● INPUT DATA
────

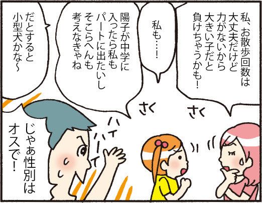 犬の寿命は15〜20年ほど。つまり、子犬を一度飼い始めたら、その間、ずっといっしょに過ごすことになるわけです。そのため家族構成の変化など、将来のことを考える必要も。始家の陽子ちゃんは、現在10歳。今は陽子ちゃんが積極的に犬のお世話のお手伝いをすると話していますが、10年、20年後は……? 犬を迎えるならば、将来的に犬のお世話をする体力と時間があるのかなどをじっくり考え、決断することが大切です。
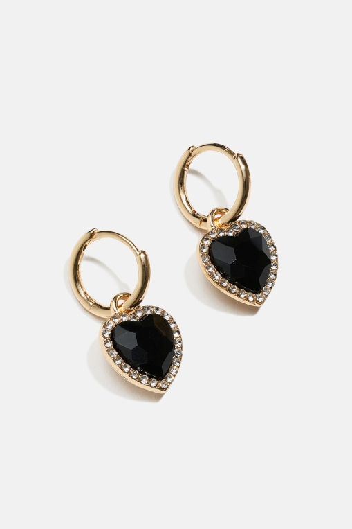 Gullfargede, hjerteformede øreringer i metall med hengende svarte hjerteformede glassteiner med strass.
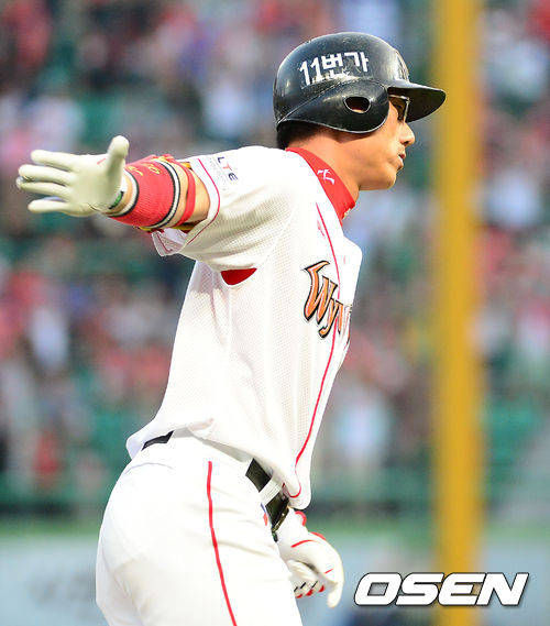 23일 오후 인천 문학야구장에서 열린 2013 한국야쿠르트 세븐프로야구 SK 와이번스와 롯데 자이언츠의 경기, 7회말 2사에서 SK 박정권이 중월 동점 솔로홈런을 치고 환호하고 있다.
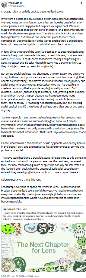 Бутерин также объявил о планах значительно увеличить свою активность на Lens в этом году и призвал сообщество проводить больше времени на Lens, Farcaster и в более широком децентрализованном социальном экосистеме.

────

● WORK TASK
Print exactly what appears from the first line of the listing above down to the line containing "23일 오후 인천 문학야구장에서", inclusive, and leave out all pictures.

● COMPLETED TASK
 犬の寿命は15〜20年ほど。つまり、子犬を一度飼い始めたら、その間、ずっといっしょに過ごすことになるわけです。そのため家族構成の変化など、将来のことを考える必要も。始家の陽子ちゃんは、現在10歳。今は陽子ちゃんが積極的に犬のお世話のお手伝いをすると話していますが、10年、20年後は……? 犬を迎えるならば、将来的に犬のお世話をする体力と時間があるのかなどをじっくり考え、決断することが大切です。
 Gullfargede, hjerteformede øreringer i metall med hengende svarte hjerteformede glassteiner med strass.
 23일 오후 인천 문학야구장에서 열린 2013 한국야쿠르트 세븐프로야구 SK 와이번스와 롯데 자이언츠의 경기, 7회말 2사에서 SK 박정권이 중월 동점 솔로홈런을 치고 환호하고 있다.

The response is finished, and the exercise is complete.